FDA announces new measures to boost gene therapy innovation

The US Food and Drug Administration (FDA) has announced new policies to advance the development of safe and effective cell and gene therapies.

The announcement was made in  a press release issued yesterday, January 15.

FDA commissioner Scott Gottlieb said the agency would try to make “maximum use” of its Regenerative Medicine Advanced Therapy (RMAT) designation. The scheme is an expedited approval programme for cell therapies which treat serious or life-threatening conditions. The FDA will now look to expand the scheme to include more gene therapies as well.

Gottlieb noted that many gene therapies carry risks associated with the products’ durability and potential for rare instances of off-target effects. Robust postmarket tools, included in the RMAT designation, "can help achieve the goal of developing a larger data set to address these theoretical risks in a timely fashion”, Gottlieb said.
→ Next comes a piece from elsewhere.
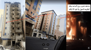 مما يؤكد أن المقطع لا يظهر حريقًا في برج الساعة في مكة، بل في مبنى بـ حي الجميزة،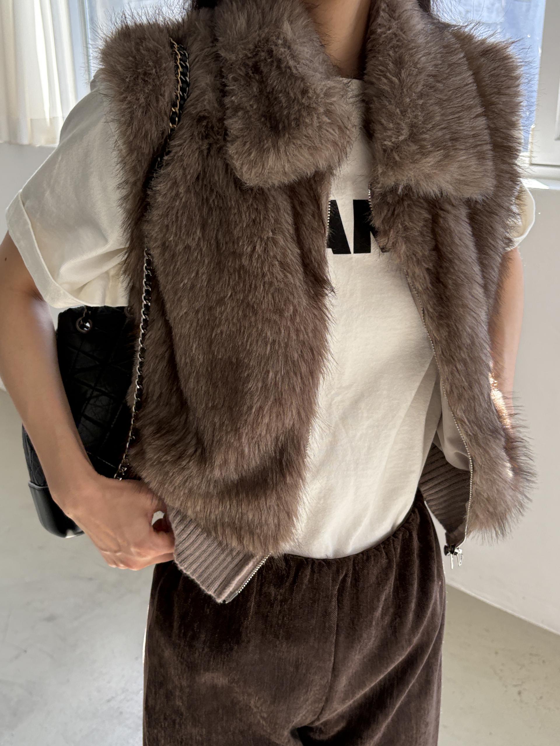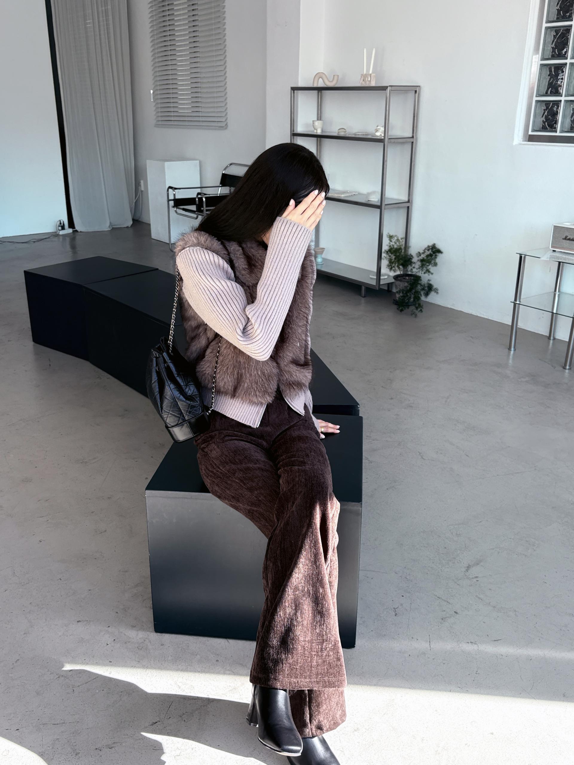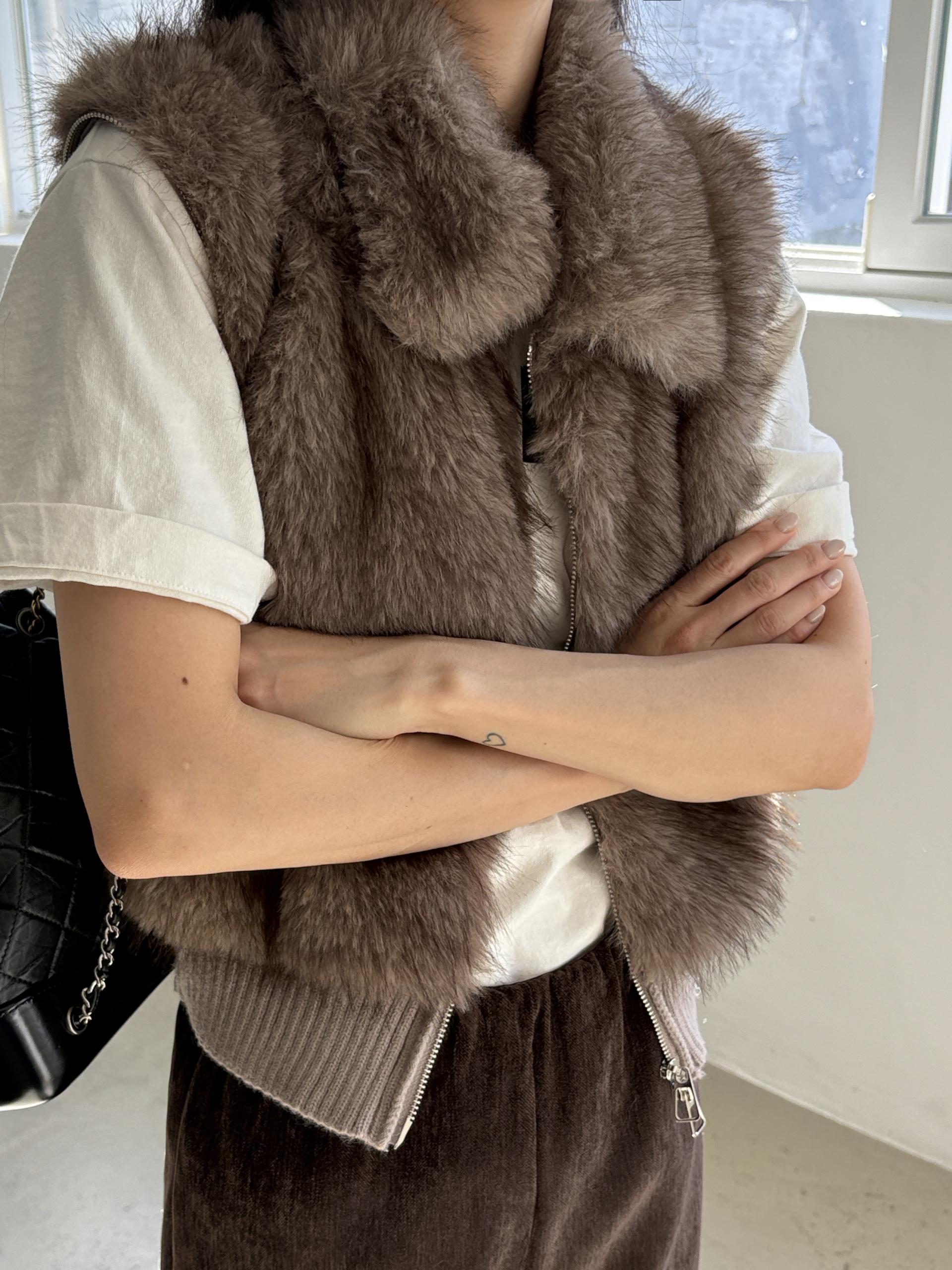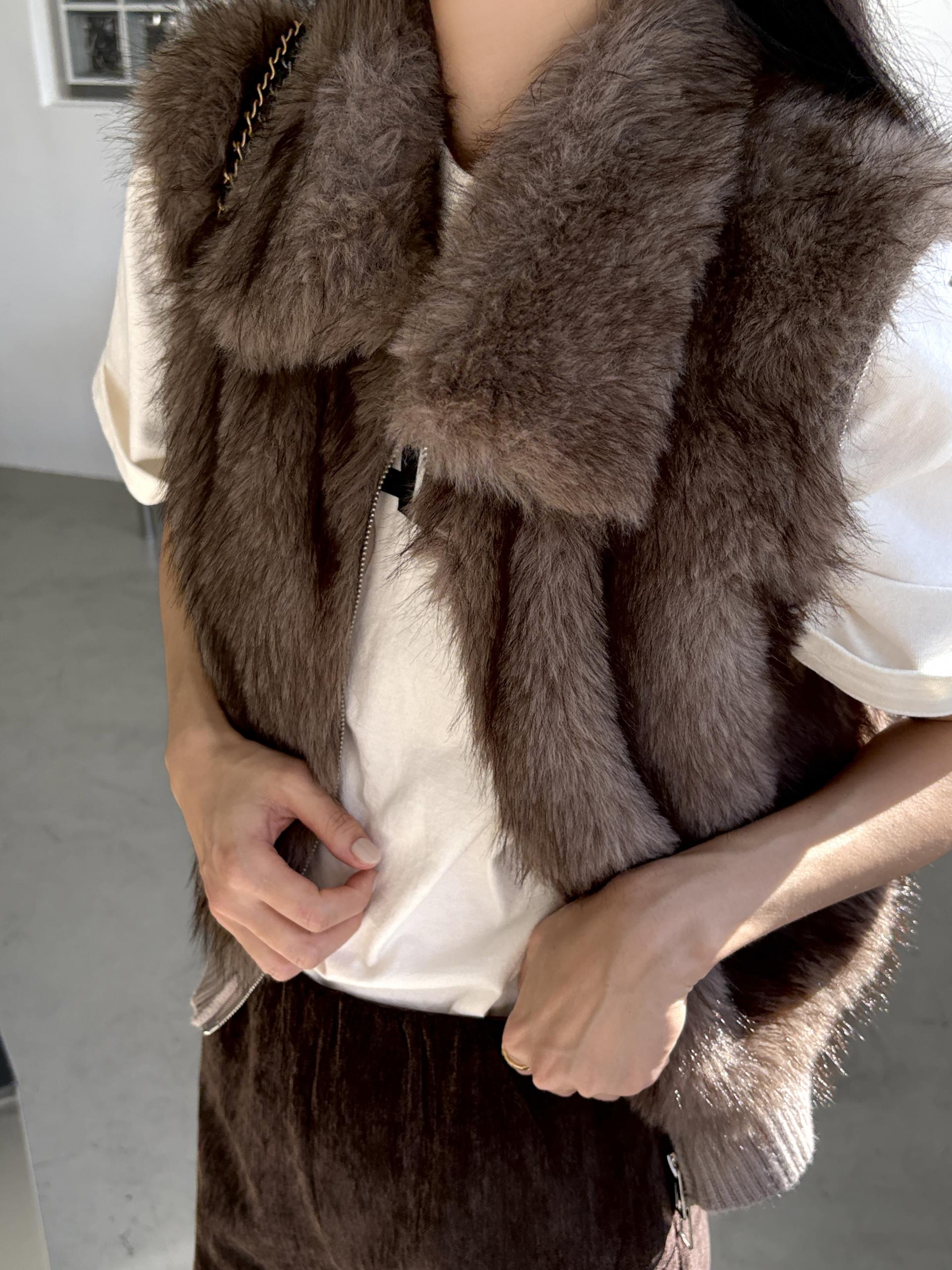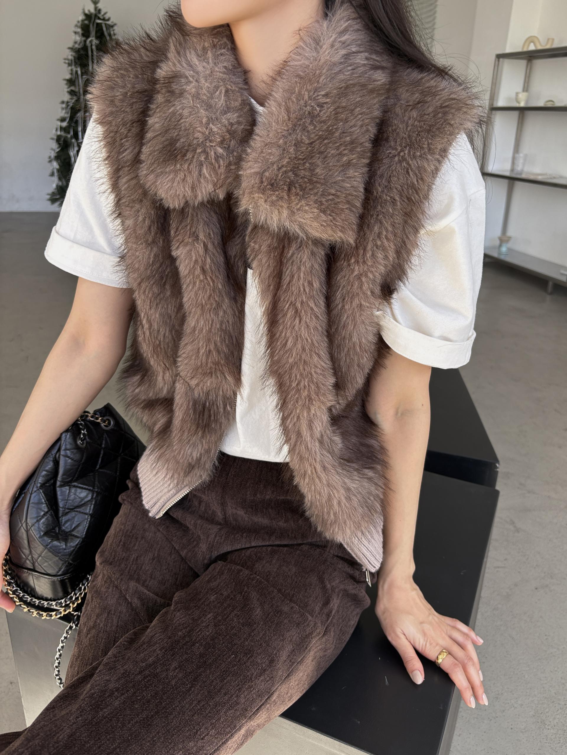 몸판은 풍성한 퍼 디자인으로 포근하고 세련된 분위기를 연출하고, 소매는 탈부착 가능한 니트 슬리브로 소매를 떼서 조끼로도 착용할 수 있어 활용도가 높습니다.

The FDA will also issue a set of guidance documents in the coming year intended to advance the development of new gene therapies. These include therapies designed to treat conditions such as rare blood disorders and neurodegenerative diseases.

Gottlieb also expressed his concern that “a number of individuals” in the sector were operating outside of regulatory compliance and creating significant safety concerns in the production of cell therapies. The FDA will announce additional enforcement measures this year, he said.

The plans to boost the innovation of gene therapies are just the latest strategic measures announced by the FDA. In December, Gottlieb announced a programme to advance the development of medical devices.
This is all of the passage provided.